Guru dan pihak sekolah juga merasakan manfaat dari kegiatan ini. Dengan adanya program UKGS, sekolah mendapatkan dukungan dalam meningkatkan kesehatan siswa, yang pada akhirnya dapat menunjang proses belajar mengajar.

Anak-anak yang memiliki kesehatan gigi yang baik cenderung lebih nyaman dalam belajar, tidak terganggu oleh rasa sakit, dan memiliki kepercayaan diri yang lebih tinggi.

Tantangan dalam Pelaksanaan

Meskipun memberikan banyak manfaat, pelaksanaan kegiatan ini juga tidak lepas dari berbagai tantangan. Salah satu tantangan utama adalah menjaga perhatian siswa agar tetap fokus selama kegiatan berlangsung.

Selain itu, perbedaan latar belakang siswa juga mempengaruhi tingkat pemahaman mereka terhadap materi yang disampaikan.
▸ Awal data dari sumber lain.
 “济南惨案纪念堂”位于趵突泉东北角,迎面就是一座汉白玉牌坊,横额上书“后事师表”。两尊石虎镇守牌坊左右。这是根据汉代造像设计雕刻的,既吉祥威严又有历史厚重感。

Oleh karena itu, mahasiswa dituntut untuk mampu menyesuaikan metode penyampaian dengan kondisi di lapangan.

Keterbatasan waktu dan fasilitas juga menjadi tantangan tersendiri. Namun, dengan kreativitas dan kerja sama tim, mahasiswa dapat mengatasi hambatan tersebut dan tetap memberikan edukasi yang maksimal.
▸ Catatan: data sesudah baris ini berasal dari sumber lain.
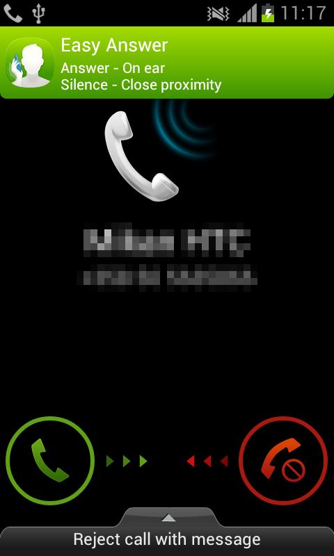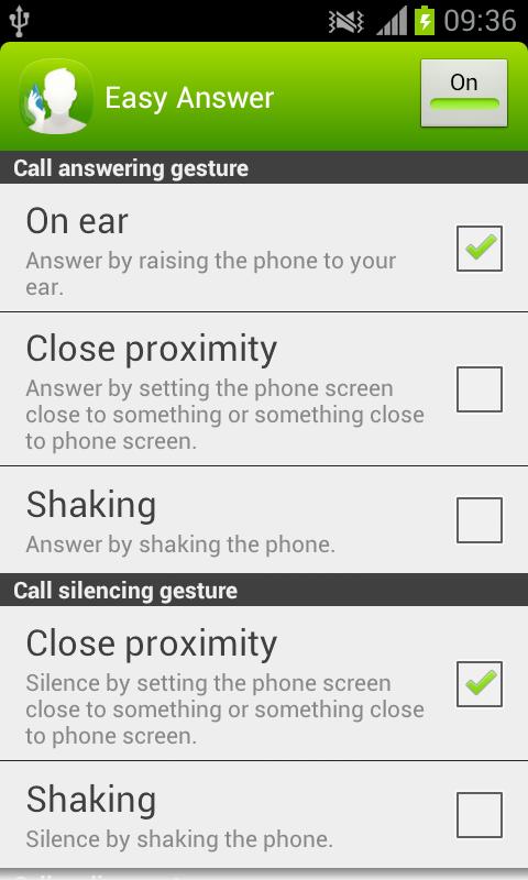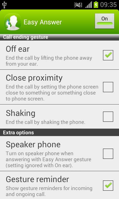 Easy Answer - Answer your calls without touching the screen or even the phone! Easy Answer allows you to answer and silence incoming calls, as well as end the ongoing call without touching the screen. Optionally, you can set speaker to be enabled automatically when answering the call with Easy Answer gesture. This all becomes handy when you have dirty hands, you are wearing gloves or you are otherwise unable or unwilling to touch the screen. Easy Answer is also easy to switch off when not needed - no uninstallation is required and selected gestures remain selected until Easy Answer is turned back on next time. You can e.g. answer just by raising the phone to your ear (requires choosing "On ear" as answering gesture) and end the call just by lifting the phone away from your ear (requires choosing "Off ear" as ending gesture). Or if you want to silence the ringing, just put your hand close to the screen, slide your hand across the phone screen without touching it or flip the phone over if it is on the table (all the listed silencing gestures require choosing "Close proximity" as silencing gesture). If your phone usually lays on the table and you prefer using the speaker, just enable the speaker from Easy Answer options and then answer and end the call by putting your hand close to the screen e.g. slide your hand across the phone screen without touching it (requires choosing "Close proximity" as answering and ending gesture). These same settings can be handy also when e.g. driving the car with the phone in its holder. Be careful not to end the call by accident with the call ending gestures "Off ear" and "Close proximity" e.g. lifting phone away from ear even for a moment when using "Off ear" or flipping the phone when using "Close proximity". Notice: Easy Answer has not been tested on Android 4.1 (Jelly Bean) or newer operating system versions, and therefore may not work on such devices. Notice: Easy Answer may not work properly together with other similar applications or with some of the (microphone) headsets or similar accessories.

Harapan dan Keberlanjutan Program

Kegiatan edukasi sikat gigi yang benar melalui program UKGS diharapkan dapat terus berlanjut dan menjangkau lebih banyak sekolah. Dengan dukungan dari berbagai pihak, seperti institusi pendidikan, pemerintah, dan masyarakat, program ini dapat memberikan dampak yang lebih luas.

Mahasiswa diharapkan terus berinovasi dalam metode edukasi agar kegiatan semakin menarik dan efektif. Selain itu, keterlibatan orang tua juga sangat penting untuk memastikan kebiasaan baik yang diajarkan di sekolah dapat diterapkan di rumah.

Ke depan, program ini tidak hanya berfokus pada edukasi dan pemeriksaan, tetapi juga dapat dikembangkan menjadi kegiatan yang lebih komprehensif, seperti pelatihan kader kesehatan gigi di sekolah.

Penutup

Kegiatan edukasi sikat gigi yang benar oleh mahasiswa Akademi Kesehatan Gigi Kendari merupakan contoh nyata bagaimana pembelajaran di kampus dapat diintegrasikan dengan pengabdian kepada masyarakat. Melalui program UKGS, mahasiswa tidak hanya belajar menjadi tenaga kesehatan yang kompeten, tetapi juga berkontribusi langsung dalam meningkatkan kualitas kesehatan masyarakat.

Dengan pendekatan yang interaktif dan edukatif, kegiatan ini berhasil menanamkan kesadaran pentingnya menjaga kesehatan gigi sejak dini. Anak-anak tidak hanya mendapatkan pengetahuan, tetapi juga pengalaman belajar yang menyenangkan.

“Belajar sambil mengabdi” bukan sekadar slogan, melainkan sebuah proses nyata yang membentuk karakter, meningkatkan kompetensi, dan memberikan manfaat bagi banyak orang. Melalui langkah kecil seperti mengajarkan cara menyikat gigi yang benar, mahasiswa telah berkontribusi dalam menciptakan generasi yang lebih sehat dan percaya diri.

Semoga kegiatan seperti ini terus berkembang dan menjadi inspirasi bagi institusi pendidikan lainnya untuk turut berperan aktif dalam membangun kesehatan masyarakat Indonesia.